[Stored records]
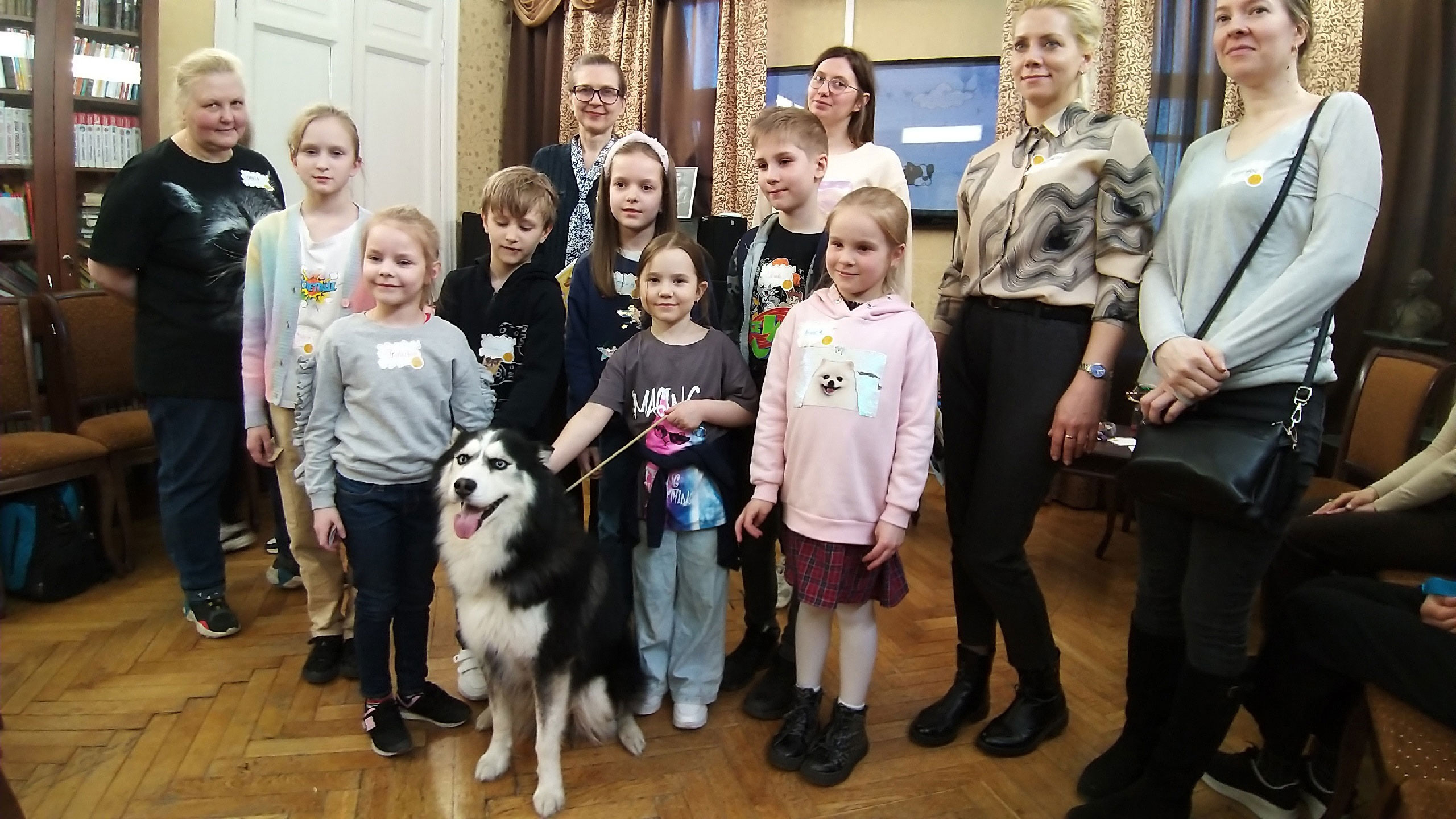 Больше всего детям понравилось общаться с главным участником встречи – собакой породы сибирский хаски по кличке Грей. Грей с радостью общался с детьми и взрослыми, разрешал себя гладить и, с разрешения хозяина, с огромным удовольствием брал угощение из рук детей.
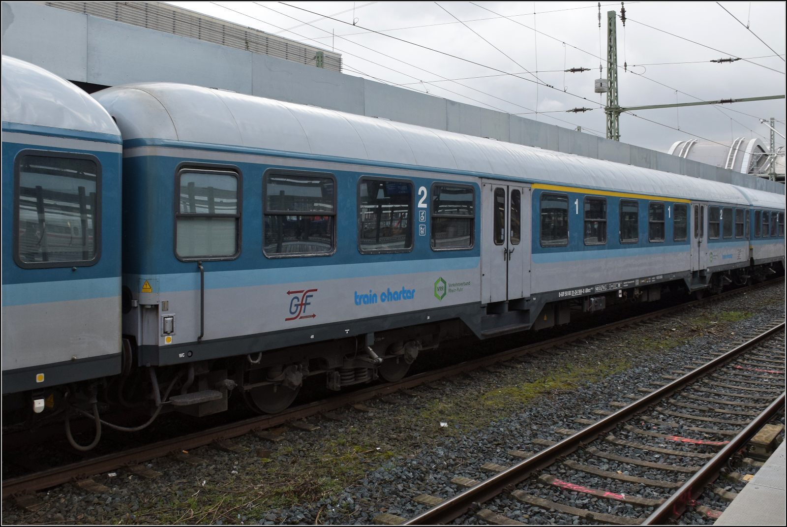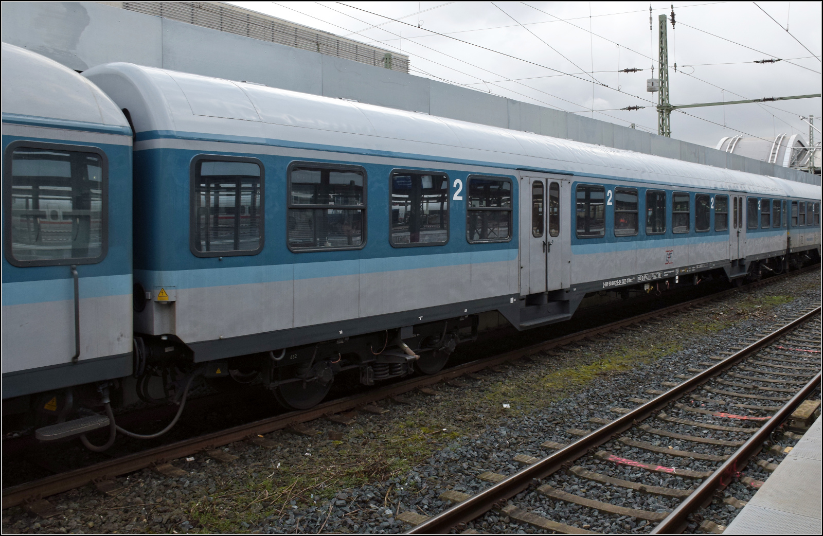 Blauer Silberling D-GfF 50 80 22-35 706-7 Bnrz im Sandwich zwischen 185 391 und 185 394. Duisburg, Februar 2026.
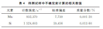 將表1,2中的數(shù)據(jù)代入GB/T 15247—2008附錄A中的不確定度計算公式,得到待測試樣中不確定度計算的相關數(shù)值如表4所示。由表4中的相關數(shù)值計算可得,待測試樣中Mn元素的測量不確定度為0.0024%,Si元素的測量不確定度為0.021%。
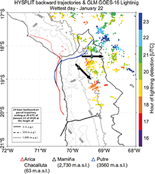 The Hybrid Single-Particle Lagrangian Integrated Trajectory model (HYSPLIT), developed by the Air Resources Laboratory at NOAA (Stein et al., 2015) is used to compute nine backward trajectories based on the GFS model at 0.25º x 0.25º horizontal resolution. Each modeled trajectory from 21 January at 20 UTC to 22 January at 20 UTC ends at 0, 1000 and 1500 m.a.g.l., above the locations of Arica, Mamiña and Putre. The model is freely available from NOAA.
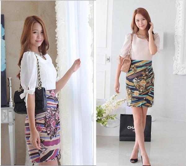 Khi chọn chân váy họa tiết thì bạn phải chọn áo một gam màu, tránh chọn áo họa tiết đi cùng
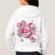 This fun girl's basketball hoodie features an "explosion" of varied size basketballs that have alternating pink and white recolored panels and pink, grey and white star shapes - customise with athlete's name, monogram and jersey number - design is on the back of the hoodie but can be moved to or duplicated on the front - by katz_d_zynes

• **TO DO**:
Exact lines, nothing more: output the one with "Blauer Silberling D-GfF" and every later line through the end of the data, skipping pictures.

• **WRITTEN REPLY**:
 Blauer Silberling D-GfF 50 80 22-35 706-7 Bnrz im Sandwich zwischen 185 391 und 185 394. Duisburg, Februar 2026.
 將表1,2中的數(shù)據(jù)代入GB/T 15247—2008附錄A中的不確定度計算公式,得到待測試樣中不確定度計算的相關數(shù)值如表4所示。由表4中的相關數(shù)值計算可得,待測試樣中Mn元素的測量不確定度為0.0024%,Si元素的測量不確定度為0.021%。
 The Hybrid Single-Particle Lagrangian Integrated Trajectory model (HYSPLIT), developed by the Air Resources Laboratory at NOAA (Stein et al., 2015) is used to compute nine backward trajectories based on the GFS model at 0.25º x 0.25º horizontal resolution. Each modeled trajectory from 21 January at 20 UTC to 22 January at 20 UTC ends at 0, 1000 and 1500 m.a.g.l., above the locations of Arica, Mamiña and Putre. The model is freely available from NOAA.
 Khi chọn chân váy họa tiết thì bạn phải chọn áo một gam màu, tránh chọn áo họa tiết đi cùng
 This fun girl's basketball hoodie features an "explosion" of varied size basketballs that have alternating pink and white recolored panels and pink, grey and white star shapes - customise with athlete's name, monogram and jersey number - design is on the back of the hoodie but can be moved to or duplicated on the front - by katz_d_zynes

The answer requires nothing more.